В сознании художника нет и не может быть ничего случайного, не связанного теснейшим образом с тем, что он делает в искусстве. Почему же так важен оказался для Осмоловского этот разрушающий сознание клещ, к которому, надо сказать, все остальные участники экстремального путешествия были совершенно равнодушны? Чтобы понять это, мы возьмем книгу Джорджо Агамбена «Открытое. Человек и животное», где есть глава под названием «Клещ»2. Агамбен приводит и комментирует там описание клеща, данное крупнейшим зоологом начала ХХ века Якобом фон Юкскюлем (иногда пишут «Икскюль»). Агамбен называет этот фрагмент вершиной современного антигуманизма. Юкскюль рассказывает, как клещ вылупляется из яйца еще не полностью сформировавшимся, лишенным ног и половых органов. В этом состоянии он уже может подстерегать свою жертву на кончике стебля травы, нападая поначалу на хладнокровных типа ящериц. После нескольких линек клещ приобретает недостающие органы и начинает охоту на теплокровных. С помощью восьми лапок крохотное насекомое забирается на кончики веток кустов и падает оттуда на свою жертву, чтобы насосаться ее крови. Клещ не видит красок дня, не чувствует аромата цветов, не слышит жужжания пчел. Он абсолютно слеп и глух. Карабкаться вверх ему помогает светочувствительность клеток под покровами. Отсутствующее восприятие компенсируется у него тонкой чувствительностью к температуре и сверхспециализированным обонянием. Запах масляной кислоты, вытекающей из кожных желез всех млекопитающих, заставляет клеща кинуться с ветки вниз, и если он попал на что-то теплое, то ему остается только добраться до кожи. Вкуса крови он не чувствует, и эксперименты показывают, что клещ жадно втягивает в себя любую жидкость температурой 37 градусов. После кровавой тризны оплодотворенная самка клеща падает на землю, откладывает яйца и умирает. Из всего бесконечного многообразия природы клеща интересуют только три элемента: запах масляной кислоты, температура 37 градусов и типология кожи. Агамбен пишет: «Клещ вступает с этими тремя элементами в такие непосредственные, интенсивные и страстные отношения, каких, вероятно, невозможно наблюдать ни в одном отношении, связывающем человека с его, казалось бы, гораздо более богатым окружающим миром. Клещ и есть эти отношения, он живет только в них и для них3».

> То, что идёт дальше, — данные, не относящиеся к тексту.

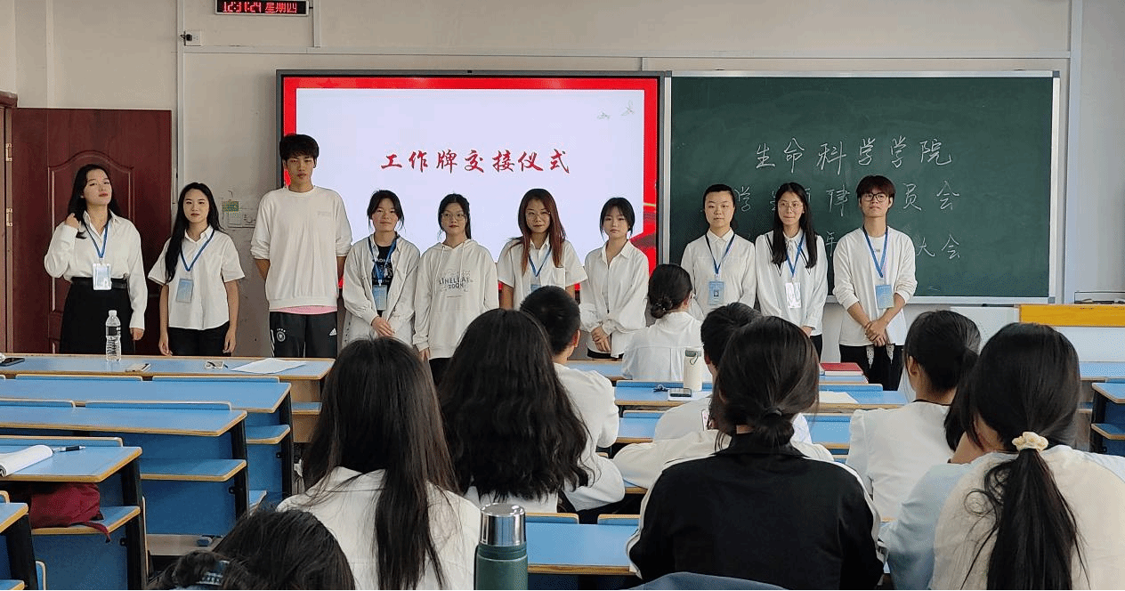 肖虹作总结发言,先是对大家的成长表示肯定,并提出三点希望:一是要坚定理想信念,抓住发展机遇;二是要明确职责分工,加强组织建设;三是要扎实专业基础,努力提升自我。此外,会上还开展了工作牌交接仪式和学生干部宣誓。
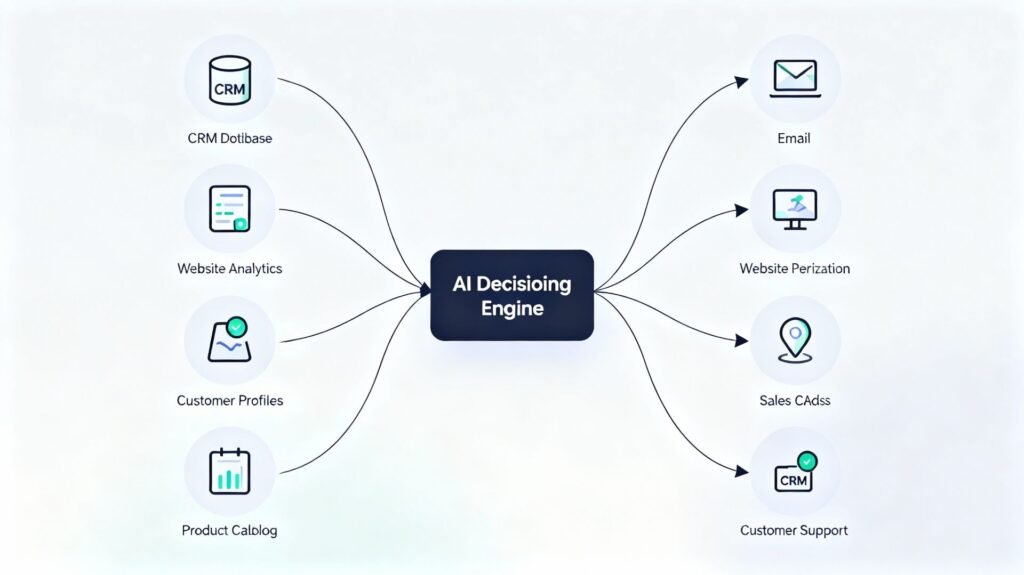 It acts as an intelligence layer across your ecosystem — interpreting signals, predicting intent, and orchestrating the next best action in real time. It doesn’t replace marketers; it changes what they spend their time on. It doesn’t require perfect data; it learns from patterns and improves continuously.
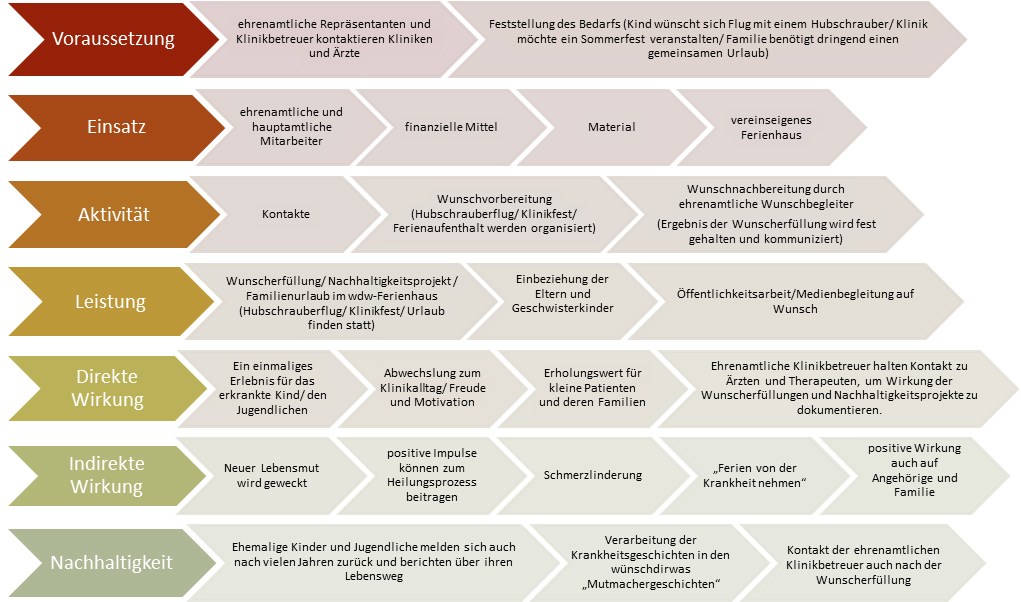 Regionaler ehrenamtlicher Repräsentant arbeitet ehrenamtliche Klinikbetreuer ein → Kontaktaufnahme und Kontaktpflege zum Klinikpersonal/ zu Ärzten/ Pflegern/ Sozialdiensten → Sondierung des Bedarfs für Nachhaltigkeitsprojekte, individuelle Wunscherfüllungen oder Ferienaufenthalte im vereinseigenen Ferienhaus → Meldung des Bedarfs und der individuellen Kinderwünsche an das Kölner wünschdirwas-Büro.
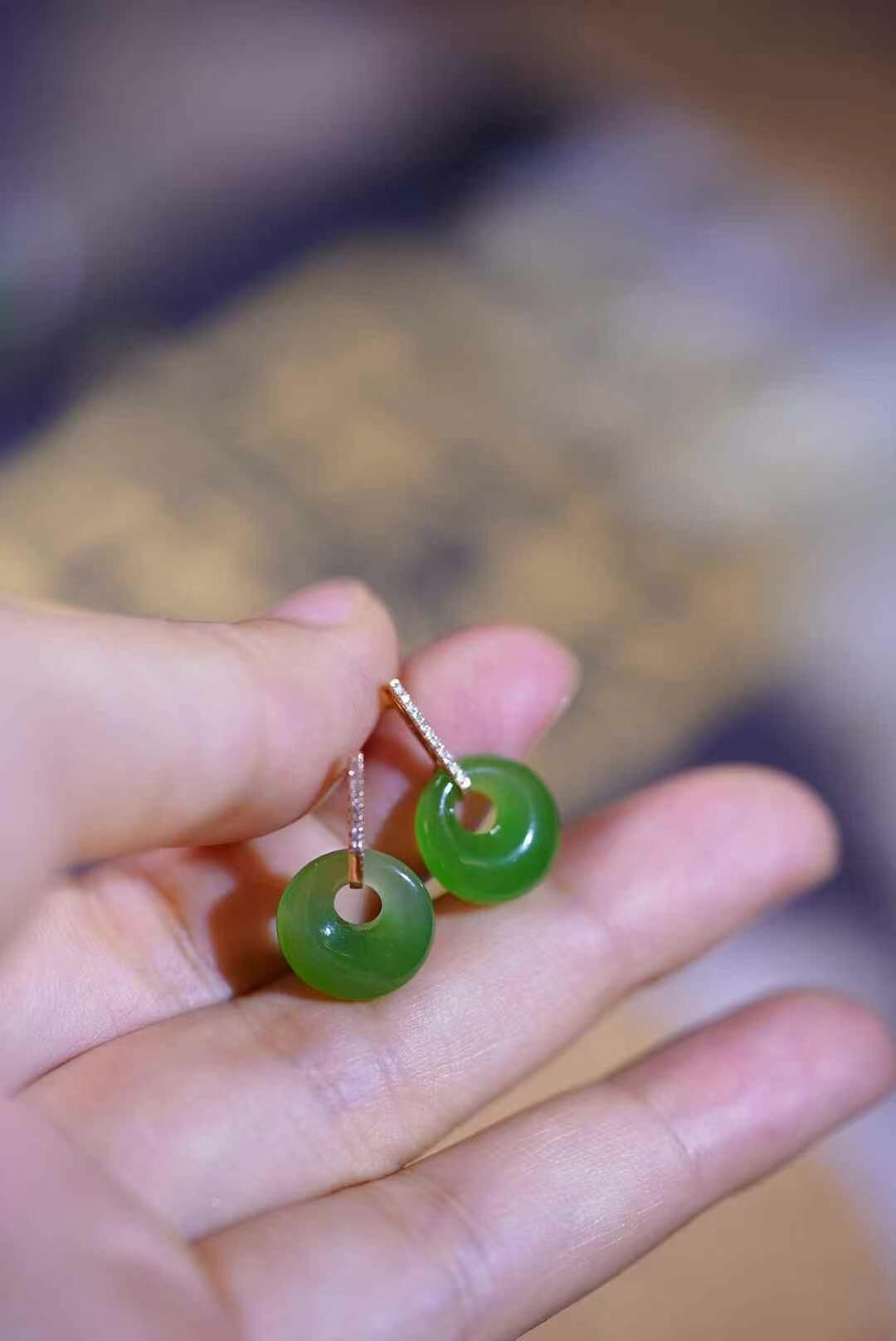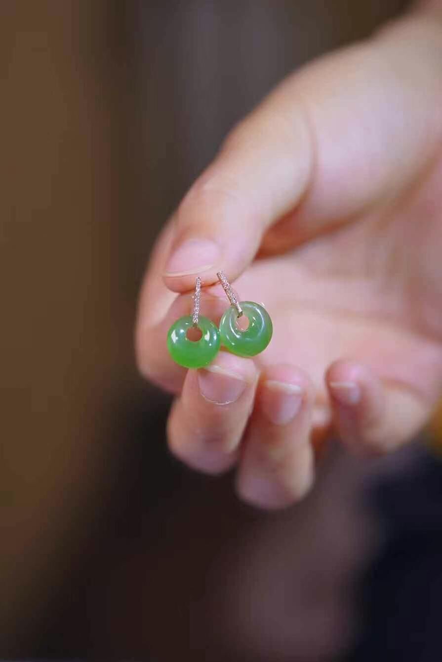 和田玉碧玉,玉質細膩冰潤,色澤均勻艷麗,精緻的款式,新穎別致,佩帶精緻百搭,18K金鑲嵌。
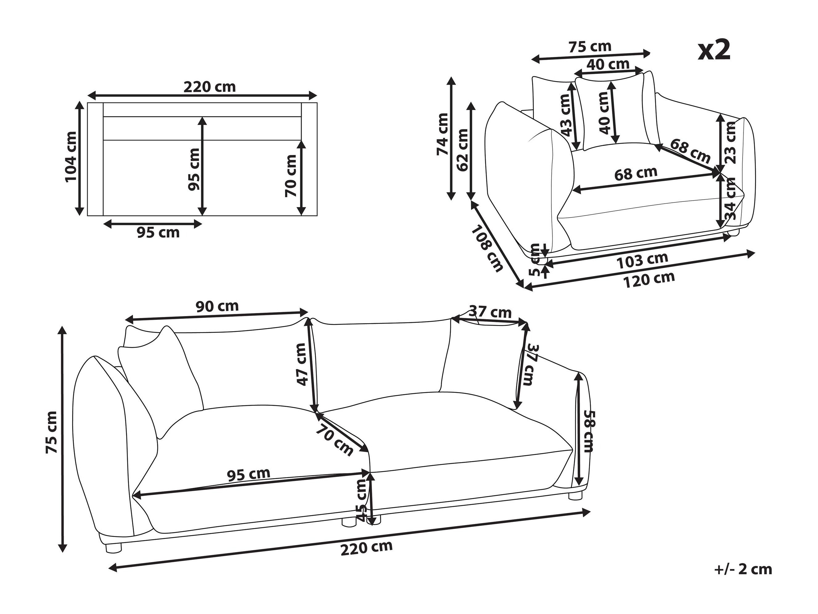 75 x 220 x 104 cm
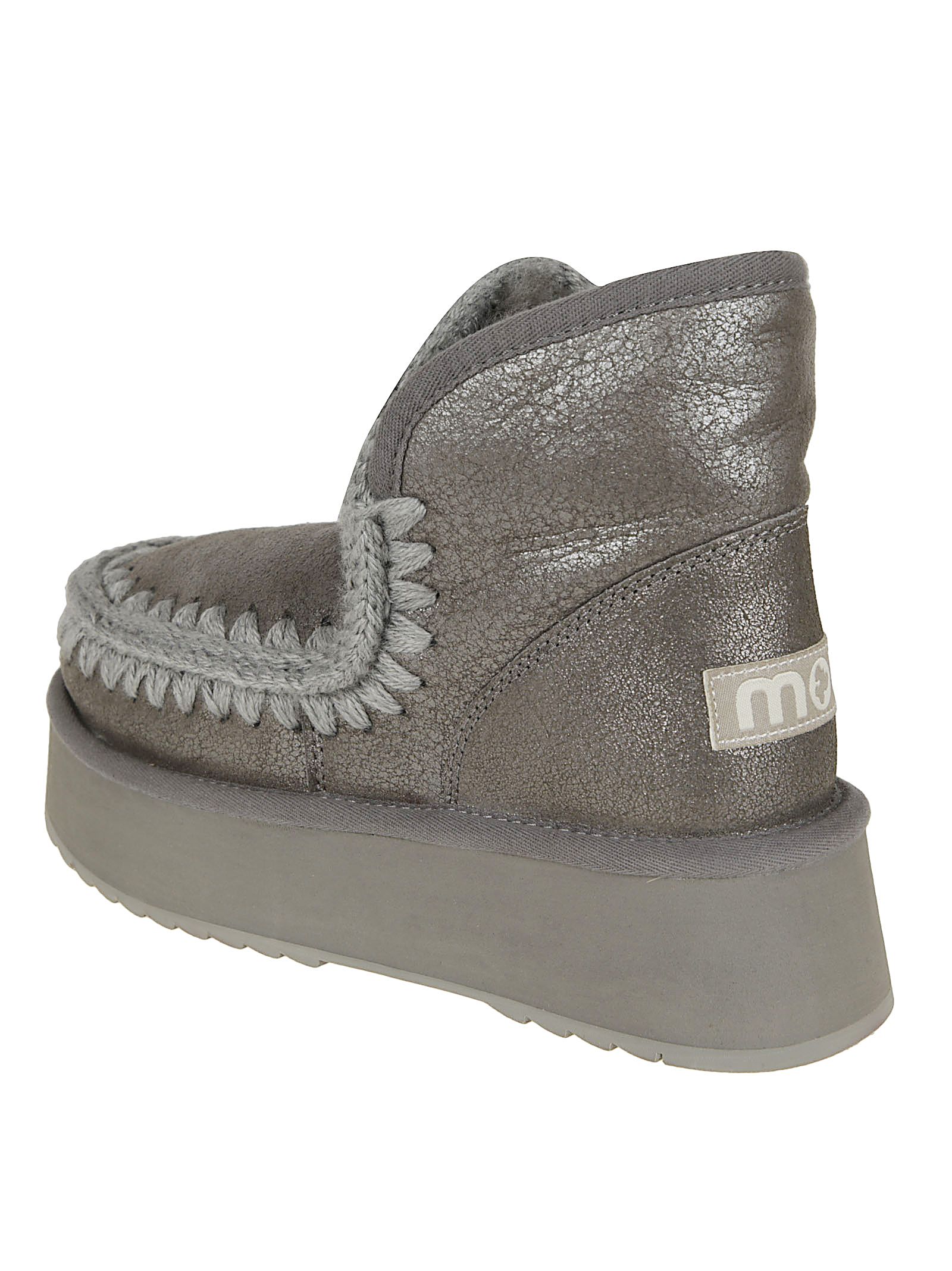 Stivale Mini Eskimo Platform di MOU.Realizzati in pelle di ovina scamosciata con impunture a vista realizzate a mano, caratterizzato da suola flatform da 50 mm, toppa con logo sul retro, punta tonda fodera in montone suola in gomma.
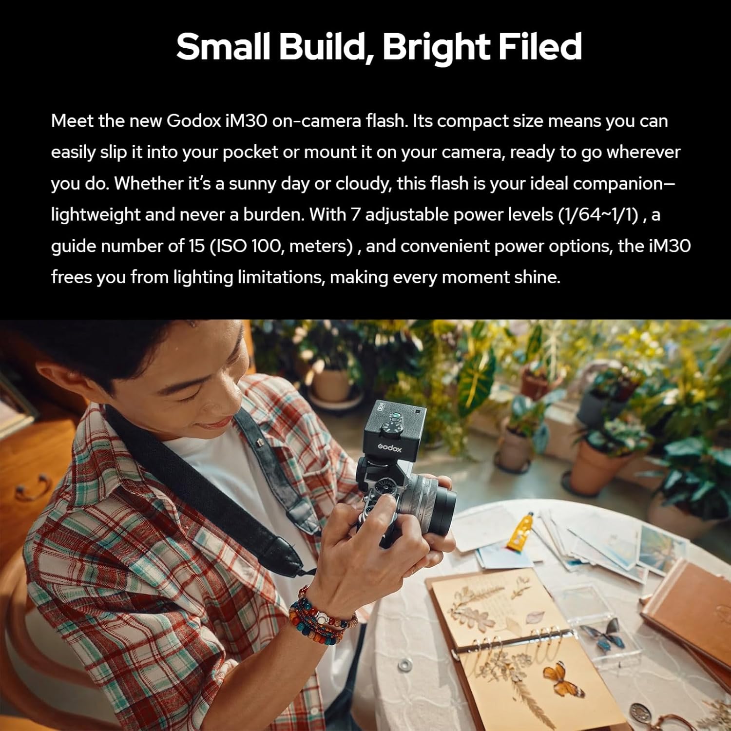 - [Small Build, Bright Filed] Meet the new Godox iM30 on-camera flash. Its compact size means you can easily slip it into your pocket or mount it on your camera, ready to go wherever you do. Whether it’s a sunny day or cloudy, this flash is your ideal companion—lightweight and never a burden. With 7 adjustable power levels (1/64~1/1) , a guide number of 15 (ISO 100, meters) , and convenient power options, the iM30 frees you from lighting limitations, making every moment shine.
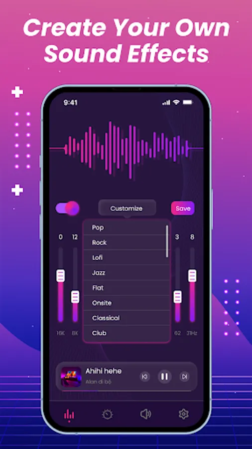 - 10-bands equalizer music player with over 20 presets: Normal, Classic, Dance, Flat, Folk, Heavy Metal, Hip Hop, Jazz, Pop, Rock, etc…
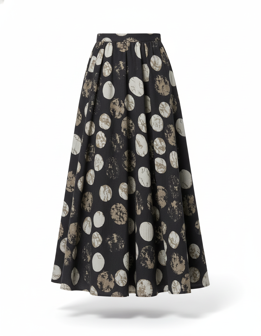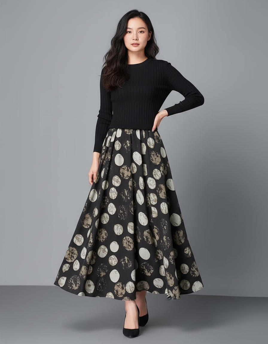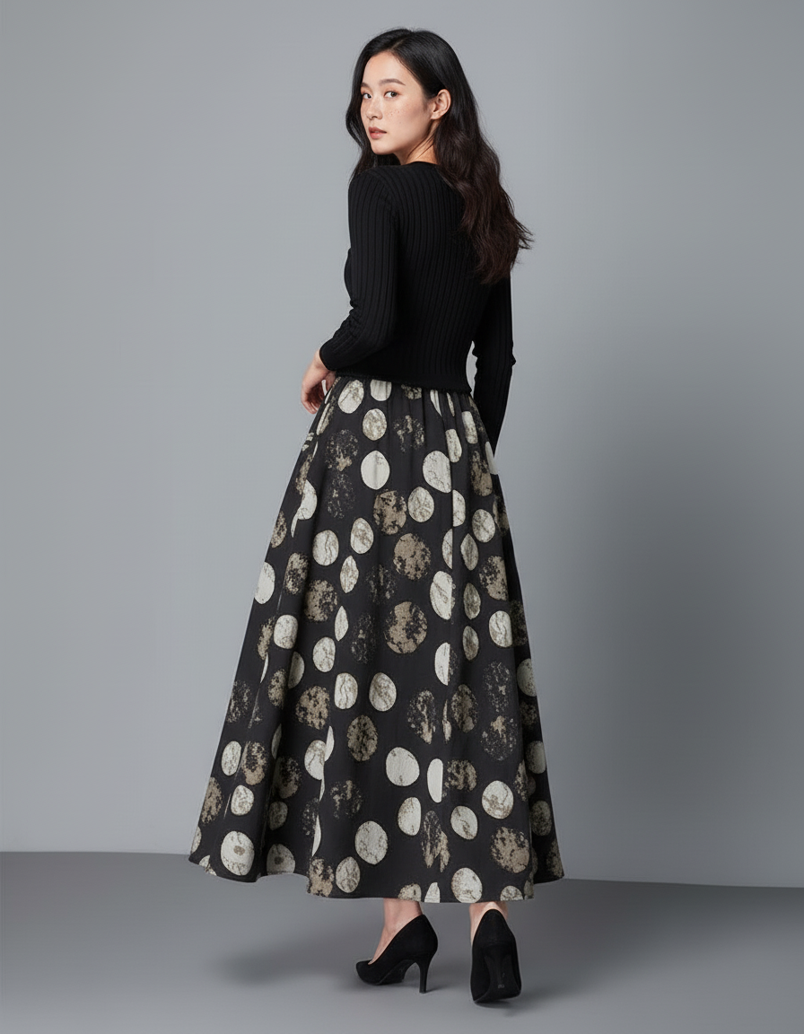 The person in the image is wearing a chic and coordinated outfit. She has on a **black, long-sleeved, ribbed knit top** with a crew neck. Paired with the top is a **black, full-length (midi/maxi) A-line skirt** that features a distinctive pattern of large, irregular circles. These circles are in varying shades of off-white, cream, and muted brown/taupe, and they appear to have a textured or distressed finish. On her feet, she is wearing **black closed-toe heels**, likely pumps.
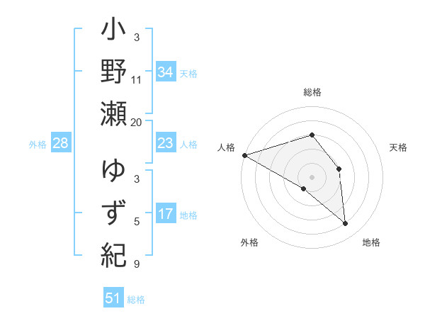 小野瀬 ゆず紀さんの総格は51画の3点!

Если нам нужна метафора, описывающая центральную тему искусства Осмоловского, то трудно найти что-то лучшее. Впрочем, один образ здесь может конкурировать. Это Терминатор. Фильм Джеймса Кэмерона вышел в 1984 году, когда Осмоловскому было 15 лет, и вскоре добрался до СССР вместе с перестройкой и первыми видеомагнитофонами.

И клещ, и Терминатор представляют ту запрограммированную слепую силу, несущую смертельную угрозу живому, не знающую сомнений, с которой нельзя вступить в диалог, которая, абстрагировавшись от всех отношений к миру, автоматически следует к цели. Логика ее действий железна и беспощадна, она разворачивается без сбоев и отклонений. Подобный образ возникает и в черновиках Эйзенштейна. Вот его запись, относящаяся к 29 мая 1946 года: «Образ самого страшного: последний вагон идущего задом на вас длиннейшего эшелона. Неизбежность и неумолимость». В этой неумолимости обнаруживается ход самой истории, когда события, как сегодня, приобретают фатальный характер, когда все уже предопределено, и ничего нельзя поделать или исправить. Здесь на долю человека остается только понимание происходящего, и тут становится еще яснее, что стоит за фобией клещевого энцефалита. Поражая центральную нервную систему и мозг, он приводит человека к коматозному состоянию, лишая его даже последней возможности — осознавать происходящее4.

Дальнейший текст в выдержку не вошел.